Zu warm, zu kalt, zu feucht, zu trocken: Das Wetter ist Gesprächsthema Nummer Eins der Deutschen – vor allem nach dem Rekord-Sommer 2018 und dem verregneten Vorjahr. Doch wie steht es um 2019? Folgt man der Prognose des heutigen Siebenschläfertags, sind die Aussichten prima. Die Sommerredaktion hat sich mit dem Diplom-Meteorologe Sebastian Wache unterhalten und mit ihm einen Blick in die Zukunft gewagt

Früher gab es noch keine Smartphones und Wetter-Apps. Vielmehr bediente man sich der Bauernregeln. Heute rückt besonders eine in den Vordergrund – der Siebenschläfer. Doch was besagt sie eigentlich und wie aktuell ist diese Regel?
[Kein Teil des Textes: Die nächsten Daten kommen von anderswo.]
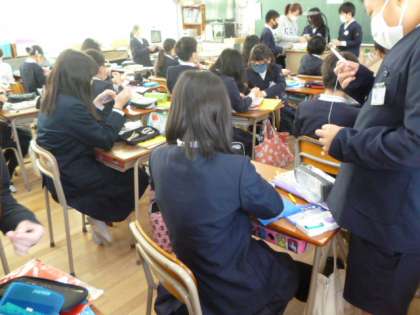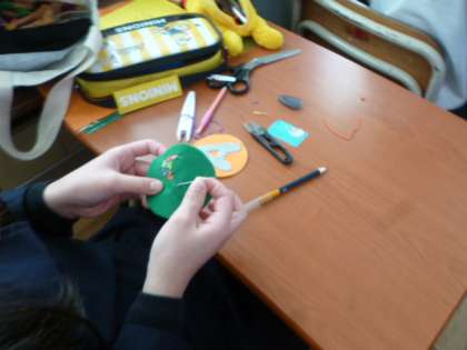 マスコットキーホルダーを作っています。みんなそれぞれ自分の好きなものを作品にしています。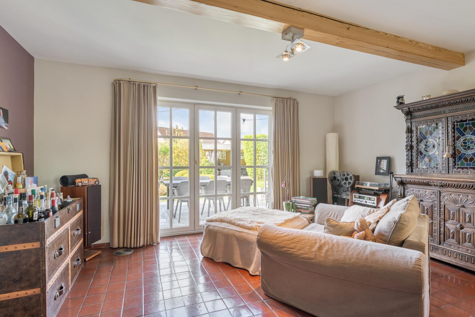 Ook buiten zet het comfort zich voort. De tuin is praktisch en sfeervol ingericht, inclusief een gezellige lounge waar het heerlijk vertoeven is. Voor de natuurliefhebber is de ligging werkelijk subliem: op slechts 200 meter afstand wandelt u zo het achtergelegen bos in. Tegelijkertijd bent u uitstekend verbonden met de rest van de regio, de oprit van de autosnelweg ligt op slechts 5 km afstand en winkels, apothekers en diverse eetgelegenheden bevinden zich in de directe nabijheid.

Die Wetterlage, die sich Ende Juni einstellt, ist nicht selten eine stabile, sodass sie in die Monate Juli und August hinein weiterhin Bestand hat. Die Siebenschläfer-Regel besagt, dass das heutige Wetter auch die kommenden sieben Wochen bleiben soll. Statistisch gesehen trifft das in 60 Prozent der Fälle zu. Durch die Klimaänderung werden die Wettersysteme jedoch immer träger – gewisse Wetterlagen sind stabiler. Dadurch zeigen sich diese Wettermuster schon in den Monaten davor und bleiben dann bis Oktober oder November stabil. Der Siebenschläfertag verliert damit langsam an Bedeutung. Vielleicht sollte man daher über die Verlegung des Tages in den April oder Mai sprechen.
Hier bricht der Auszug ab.